Year End Revenue (S\$m) Operating EBITDA (S\$m) Net Profit (S\$m) Core EPS (S\$) Core EPS Growth FD Core P/E (x) DPS (S\$) Dividend Yield EV/EBITDA (x) P/BV (x) ROE (%)
Dec-23A 7,042 1,772 1,020 0.60 43.9% 11.26 0.13 1.93% 9.23 2.61 24.8%
Dec-24A 6,417 1,729 1,020 0.57 (5.1%) 11.87 0.23 3.42% 10.03 2.23 20.3%
Dec-25F 6,030 1,586 1,012 0.54 (4.2%) 12.39 0.23 3.38% 10.44 2.01 17.1%
Dec-26F 6,204 1,620 1,087 0.63 15.5% 10.73 0.24 3.63% 9.66 1.80 17.7%
Dec-27F 6,424 1,683 1,148 0.66 5.5% 10.17 0.26 3.83% 9.91 1.63 16.8%

Balance Sheet and Key Ratios

  • Net Debt: S\$7.38 billion (1H25)
  • Net Gearing: 133% (Dec-23A) rising to 138% (Dec-24A), then declining to 119% (Dec-25F)
  • ROE: 24.8% (Dec-23A) down to 17.1% (Dec-25F)
  • Operating EBITDA Margin: Stable at 25–27%
  • Effective Tax Rate: Approximately 15–16%
  • Net Dividend Payout Ratio: 40%

Conclusion: Sembcorp’s Investment Case

SCI remains an attractive defensive play in the Singapore energy sector, backed by resilient earnings from its diversified portfolio, strong ESG credentials, and clear M&A strategy. With robust dividend yields and upside potential from synergy, capital recycling, and renewables growth, SCI is recommended as an Add, with a 19.3% upside to the revised target price of S$8.02. Investors should monitor regulatory risks and operational execution, but the long-term trajectory positions SCI as a leader in Asia’s energy transition.
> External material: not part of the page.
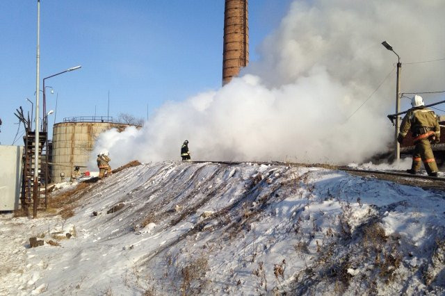 По данным регионального управления МЧС, на территорри котельной «Амурсельмаш» при сливе мазута из цистерны в приемную емкость произошла детонация паров мазута, что привело к возникновению пожара.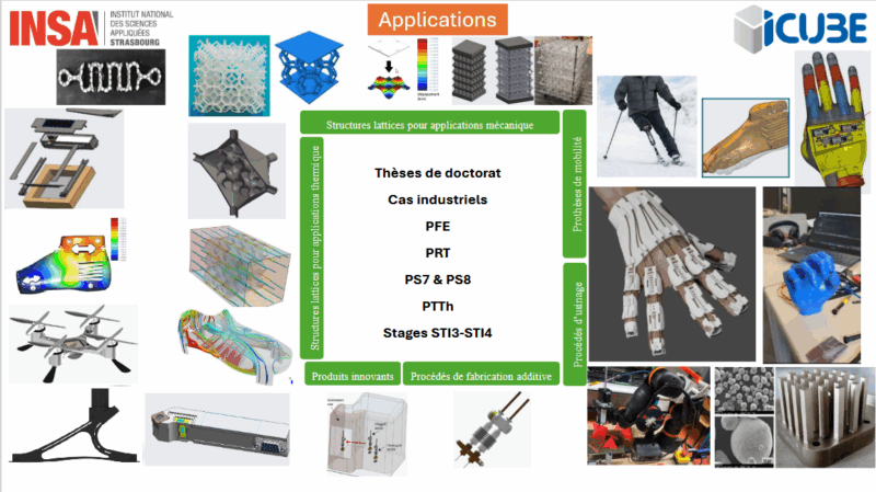 De nombreux travaux de thèses, stages et projets PRT visent à concevoir des structures structures mécaniques, thermiques et fonctionnelles innovantes : absorption de chocs, flexibilité contrôlée, réponse thermique adaptée, comportements fonctionnels complexes. Ces projets mobilisent impression 3D, optimisation topologique et intelligence artificielle.

Stock Ratings and Distribution

Recommendation Framework:

  • Add: Total return expected to exceed 10% in the next 12 months.
  • Hold: Total return between 0% and +10%.
  • Reduce: Total return below 0%.

Sector and Country Ratings:

  • Overweight: Above-market weight recommended.
  • Neutral: Neutral weight recommended.
  • Underweight: Below-market weight recommended.

SCI Analyst Coverage:

  • LIM Siew Khee, Meghana KANDE

Price and Performance Snapshot

  • Current Price: S\$6.72
  • Target Price: S\$8.02
  • Market Cap: US\$9,314m
  • Free Float: 50%
  • Major Shareholder: Temasek Holdings (49.5%)
  • Price Performance: 1M: -10.1%, 3M: 3.2%, 12M: 41.5%

Sembcorp Industries continues to solidify its status as Singapore’s leading energy conglomerate, delivering value through disciplined capital management, strategic expansion in renewables, and steadfast commitment to sustainability.